> _What this task involves_: Starting at the line that contains "Podaruj swojemu pupilowi", transcribe each line exactly through the end of the data below, and skip any pictures.

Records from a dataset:
[Start of Attachment]
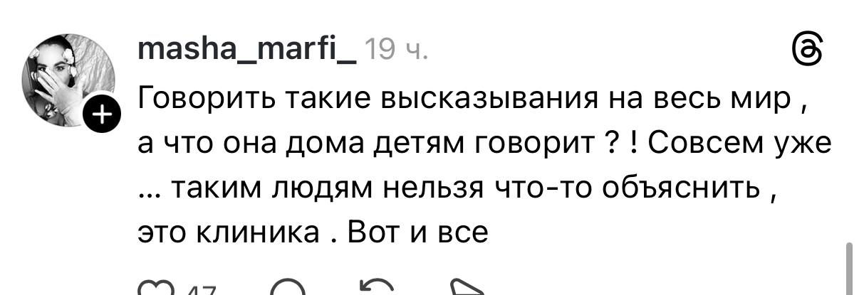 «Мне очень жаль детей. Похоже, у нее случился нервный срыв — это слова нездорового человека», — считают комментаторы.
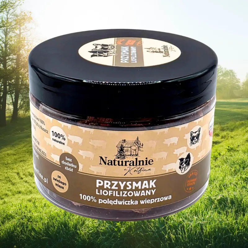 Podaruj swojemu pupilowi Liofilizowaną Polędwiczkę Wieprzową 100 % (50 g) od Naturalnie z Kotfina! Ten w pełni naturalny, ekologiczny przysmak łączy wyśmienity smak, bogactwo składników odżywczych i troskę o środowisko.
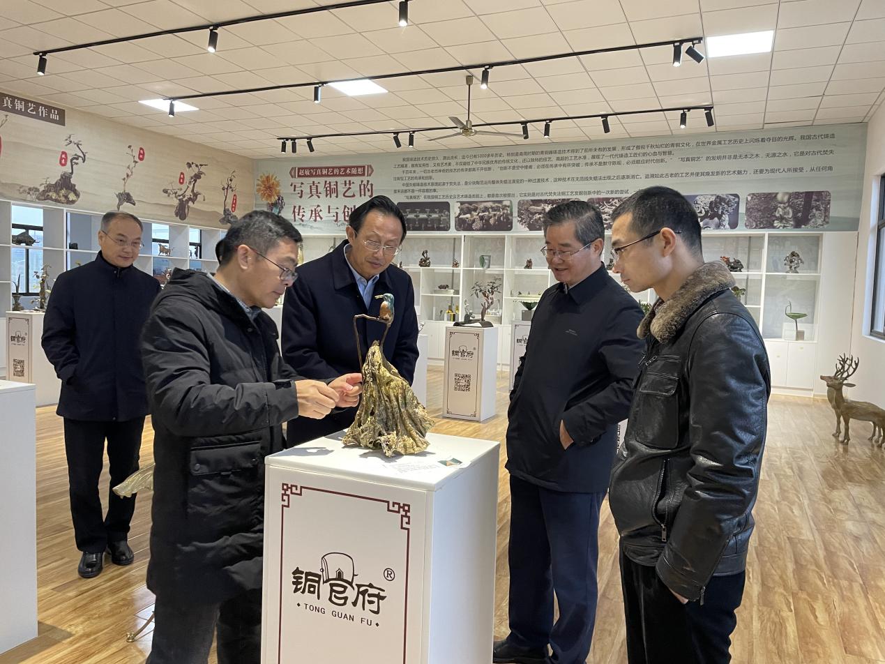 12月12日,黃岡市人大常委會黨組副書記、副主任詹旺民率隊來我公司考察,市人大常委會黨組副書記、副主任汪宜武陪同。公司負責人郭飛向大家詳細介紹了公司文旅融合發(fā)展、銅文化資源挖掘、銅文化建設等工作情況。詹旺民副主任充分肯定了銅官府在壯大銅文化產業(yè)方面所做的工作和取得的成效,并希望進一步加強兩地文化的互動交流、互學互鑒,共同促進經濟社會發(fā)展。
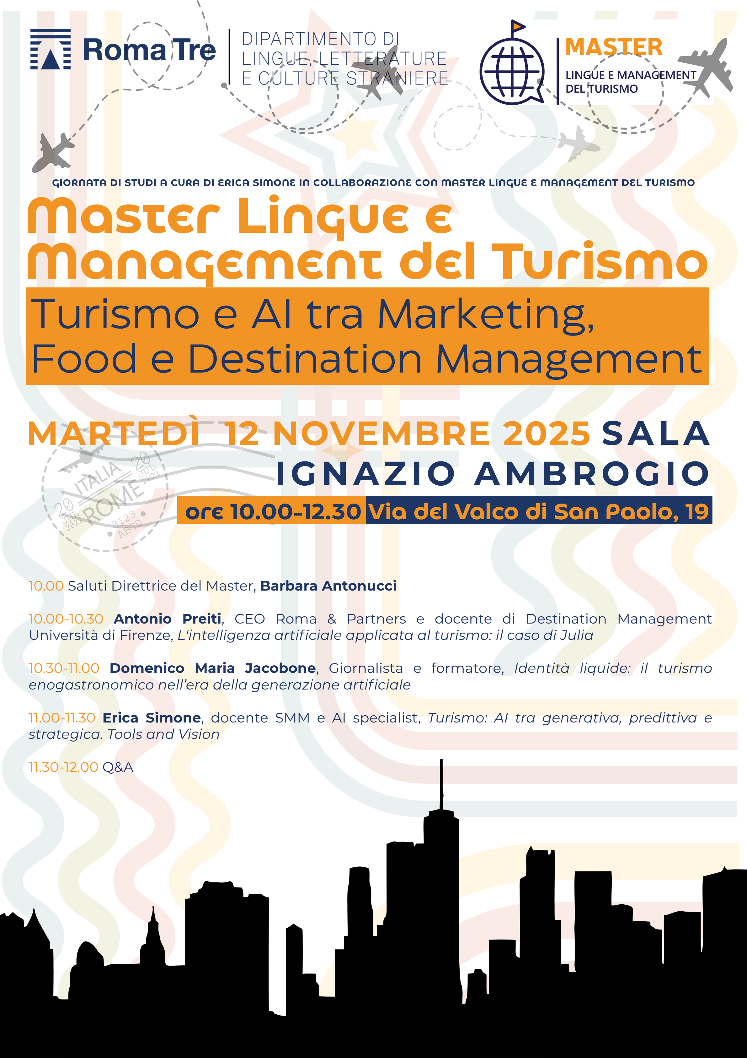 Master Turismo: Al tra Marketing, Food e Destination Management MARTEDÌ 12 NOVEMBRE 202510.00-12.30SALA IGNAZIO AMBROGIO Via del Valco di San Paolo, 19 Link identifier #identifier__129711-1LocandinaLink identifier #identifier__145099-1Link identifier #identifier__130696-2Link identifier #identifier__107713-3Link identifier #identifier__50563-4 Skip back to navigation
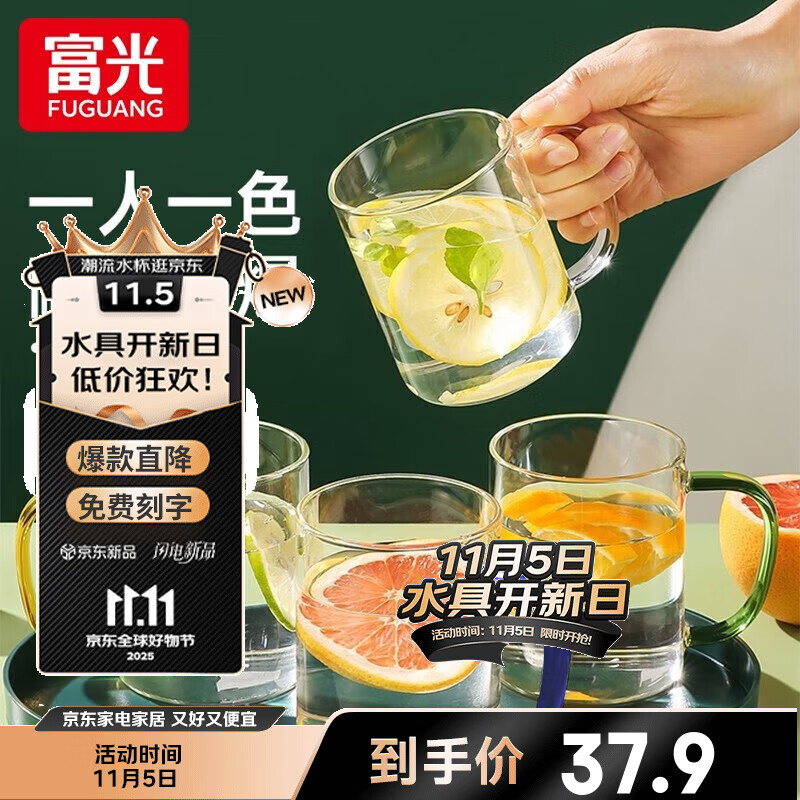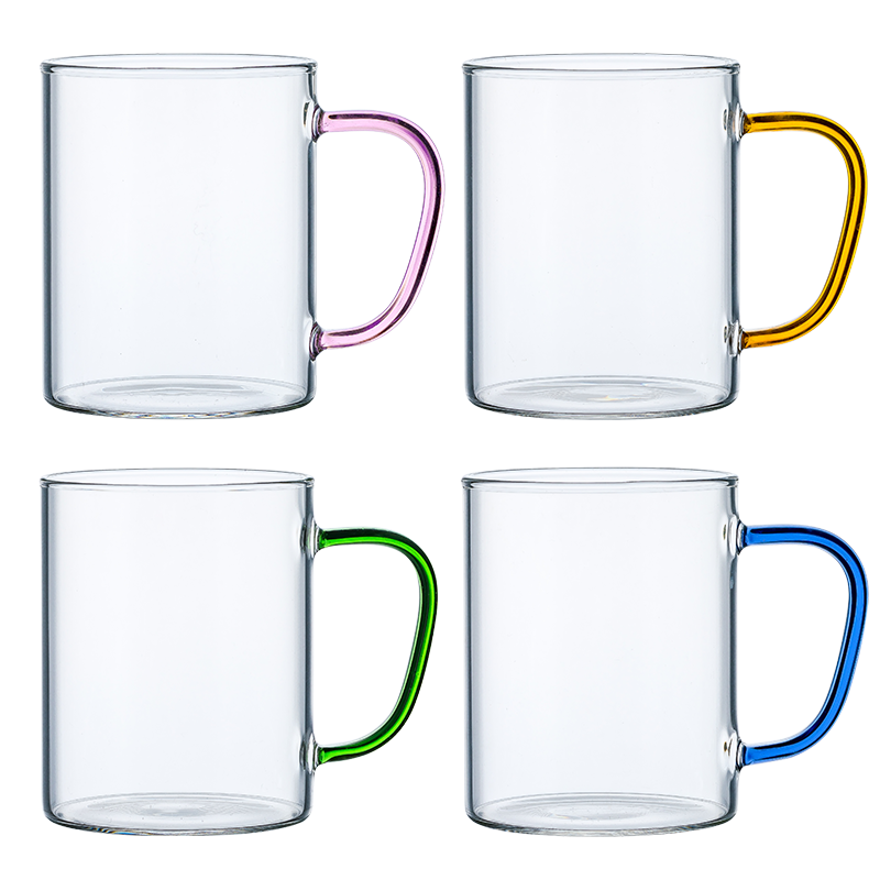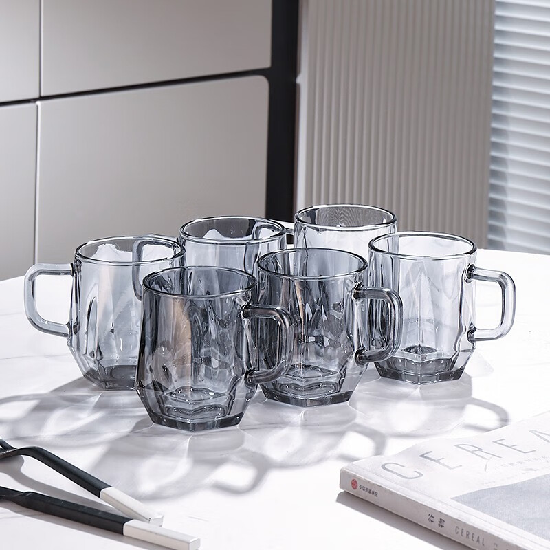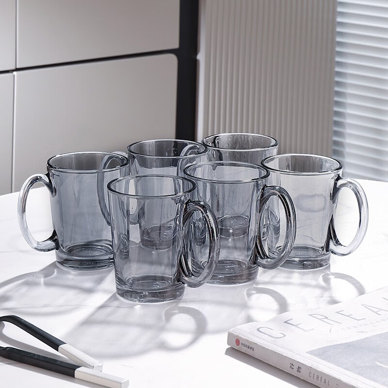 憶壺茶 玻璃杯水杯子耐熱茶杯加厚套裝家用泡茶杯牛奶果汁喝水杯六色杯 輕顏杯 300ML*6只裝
[End of Attachment]
> _Your solution_:
 Podaruj swojemu pupilowi Liofilizowaną Polędwiczkę Wieprzową 100 % (50 g) od Naturalnie z Kotfina! Ten w pełni naturalny, ekologiczny przysmak łączy wyśmienity smak, bogactwo składników odżywczych i troskę o środowisko.
 12月12日,黃岡市人大常委會黨組副書記、副主任詹旺民率隊來我公司考察,市人大常委會黨組副書記、副主任汪宜武陪同。公司負責人郭飛向大家詳細介紹了公司文旅融合發(fā)展、銅文化資源挖掘、銅文化建設等工作情況。詹旺民副主任充分肯定了銅官府在壯大銅文化產業(yè)方面所做的工作和取得的成效,并希望進一步加強兩地文化的互動交流、互學互鑒,共同促進經濟社會發(fā)展。
 Master Turismo: Al tra Marketing, Food e Destination Management MARTEDÌ 12 NOVEMBRE 202510.00-12.30SALA IGNAZIO AMBROGIO Via del Valco di San Paolo, 19 Link identifier #identifier__129711-1LocandinaLink identifier #identifier__145099-1Link identifier #identifier__130696-2Link identifier #identifier__107713-3Link identifier #identifier__50563-4 Skip back to navigation
 憶壺茶 玻璃杯水杯子耐熱茶杯加厚套裝家用泡茶杯牛奶果汁喝水杯六色杯 輕顏杯 300ML*6只裝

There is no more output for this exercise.